Они смотрели, как менялось небо, принимая диковинную окраску, как причудливо сплетались облака. На дороге послышались шаги: дети увидели Эдди и Ютту. Все было так же, как и в тот вечер на прошлой неделе: молодожены неторопливо вышли из ворот и направились к машине. Тревожно взглянув на небо, Ютта что-то сказала. Эдди, смеясь, покачал головой и погладил жену по волосам…
Темная гряда облаков нависла над городом. Эдди включил подфарники и задний свет, как всегда, легко развернул на неширокой улице молоковоз. И снова Ютта махала рукой ему вслед, пока красные огоньки не скрылись за углом.
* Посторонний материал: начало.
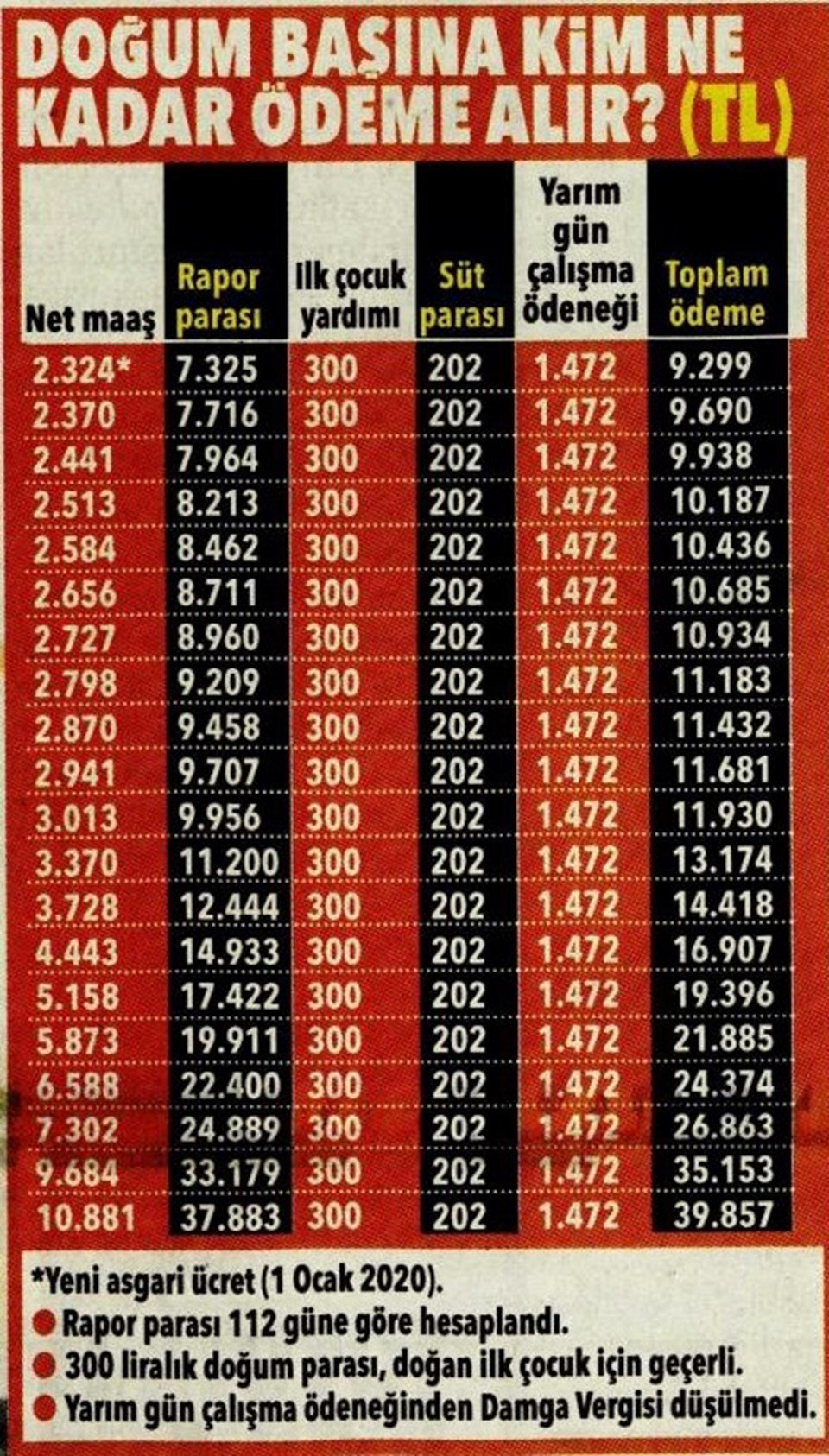 Doğum (rapor) parası, maaşa göre değişiyor ve 112 gün üzerinden hesaplanıyor. En düşük tutar 1 Ocak itibarıyla 7 bin 325 liraya yükseldi. Brüt maaşı 7 bin lira olan bir anne ise 17 bin 422 lira alacak. Para, annenin adına açılan Ziraat Bankası hesabına yatıyor. Paranın yatıp yatmadığını, doğum izniniz biter bitmez ‘turkiye.gov.tr’den kontrol edin.

Ютта пошла к воротам и увидела на скамейке Марину и Андре. Она остановилась.
— A-а, это вы, ребята? Эдди сказал, вы молодцы, что тогда пришли. А что вы сидите здесь, повесив носы?
— Гроза будет, — сказала Марина.
— Похоже, что так, — озабоченно проговорила Ютта. — А Эдди едет ей прямо навстречу. Я всегда боюсь за него. Я даже говорила ему об этом. А он смеется: «Дворники» на ветровом стекле не подведут!» Сегодня он отправился в дорогу в хорошем настроении: отцу лучше. Врач сказал по телефону, что он поправляется, насколько это вообще для него возможно. Давно уже не было у нас такого счастливого вечера!